Из зимних наблюдений
Не знаю как тебе, дорогой мой читатель, но, мне кажется, что поездом нужно ехать хотя бы ради того, чтобы попробовать самый вкусный чай в мире. Точно неизвестно что делает этот чай таким вкусным: какие-то добавки или же моя фантазия. Эту загадку еще предстоит выяснить ученым. Но это божественное ощущение, когда он бархатным сладким комочком скатывается по горлу и разливается теплом по всему телу, согревает прохладными вечерами. За окном, желтыми вспышками, пролетают километры годов, меняться люди, меняется пейзаж за окном, даже это стекло, сквозь которое видна вся эта феерия, меняется. Но чай остается прежним. Его как подавали и не холодным и не горячим, а в самый раз — не холодным чтобы не испортить вкус и не огненным, что бы не обжечься. Его как и много лет назад подают в стеклянном стакане с железными доспехами. А звук издающий ложкой, когда ты мешаешь сахар — голос, который рассказывает тебе историю тысяч людей, сотен событий. В нем смешался стук колес и голос людей, который уносит тебя в запредельный дали и показывает фильм, лишь тебе одному, лишь для тебя, для человека пишущего свою историю здесь и сейчас.

* * *

Утро. Еще темно. Впервые просыпаюсь в поезде не от того, что будит проводник, а от собственного будильника. Очень трудно открыть глаза, после каждой попытки они, налитые свинцом, вновь с грохотом закрываются, голова от этого начинает болеть. Странно это, вчера вроде как не пил ничего крепче чая. Мимо с неистовством проносился проводник, как заводной бегал с одной стороны вагона в другую, попутно обдавая лежавших волной спертого воздуха.
За окном разместился очень даже не типичный пейзаж. Весь простор был окутан сплошной белой пеленой. Куда не ткнись взглядом — всюду белым-бело. Земля утопла в молоке. Лишь изредка сквозь гущу тумана пробивались верхушки деревьев — зеленые прически великанов, проносившихся мимо нас, желавших остаться втайне. Зеленые макушки начали сменятся кусками брошенных домов, которыми так богата наша страна, все чаще мелькали ребра труб.

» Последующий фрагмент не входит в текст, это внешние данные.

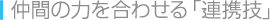 戦闘では「連携技」と呼ばれる強力な技を繰り出すことができます。「連携技」には、2人の技を組み合わせる「2人技」、全員が一斉に技を繰り出す「3人技」があり、1人技よりも効果的にダメージが与えられます。 ![]() |
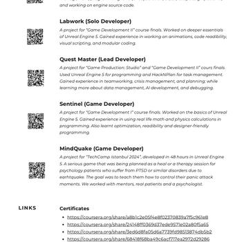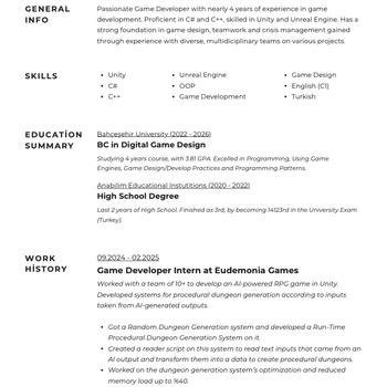 Merhabalar, ben Kaan. Bahçeşehir Üniversitesi Dijital Oyun Tasarıım 4. Sınıf öğrencisiyim. Unity, ve Unreal Engine oyun motorlarını kullanarak, C# ve C++ dilinde yazılımlar yapıp geliştirdiğim çeşitli projelerim mevcut. Ayrıca birçok projemde de tasarım alanlarına katkıda bulundum. İletişim halinde kalarak beraber dilediğiniz oyunları geliştirebilir, kod hatalarını düzeltmeye yardımcı olabilir, veya dilediğiniz sistemlerin/mekaniklerin kodlanmasını sağlayabilirim. Detaylar için CV'me göz atabilirsiniz; soru veya teklifleriniz için iletişime açığım.
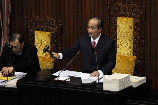 “立法院長”王金平之前“三讀”通過“法案”時敲槌畫面。(圖片來自臺媒)
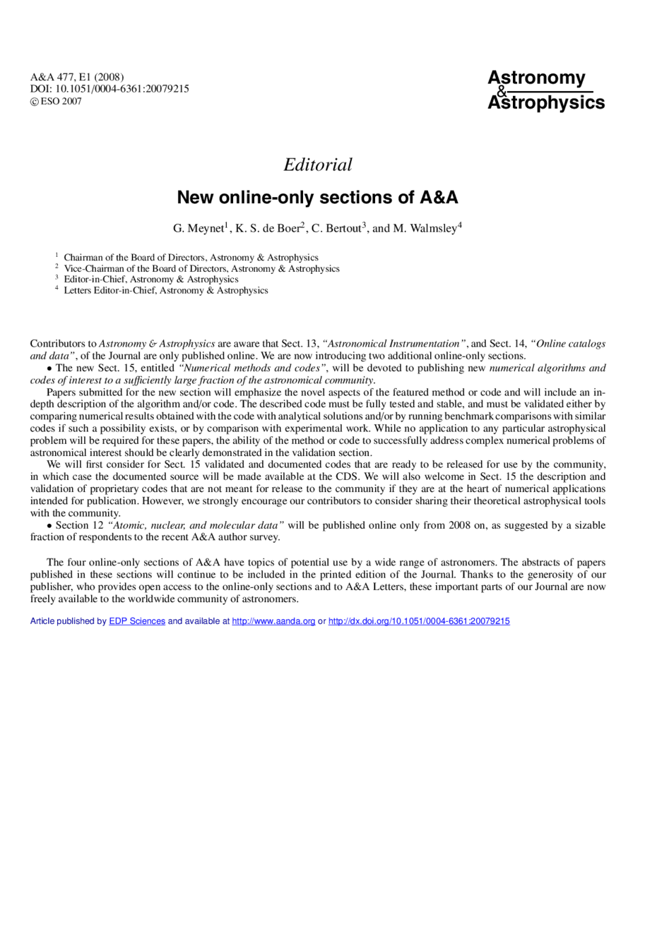 New online-only sections of A&A
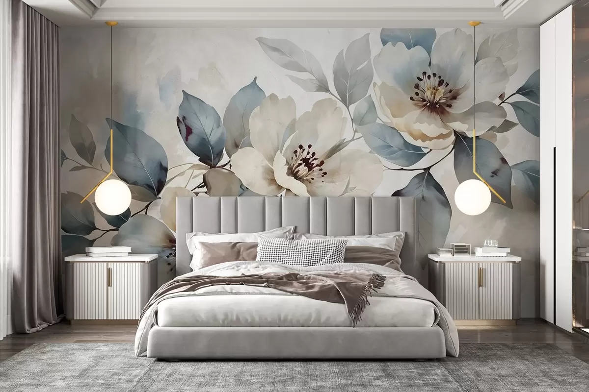 Fototapeten Zartes Blumenarrangement mit Aquarellstruktur in Weiß und Blau, mit weichen Blütenblättern und -mitten Nr. w08401

И тут все это исчезло, огромное цунами накрыло весь этот пейзаж, оставив белый холст на волю фантазии художника, который смог бы нарисовать здесь что-то свое. Неуверенными мазками на белом фоне начали проступать небольшие желтые пятна, еле уловимые, они проплывали почти никем не замеченные. Но рука набирала уверенности и пятна превратились в светлячков, весело роясь в рамке, где все четче проявлялись желтые глазища домов, где уже копошились люди. Туман отходил, унося за собой полет фантазии, а оставлял лишь сухую действительность — промышленный пейзаж, заборы и вокзал.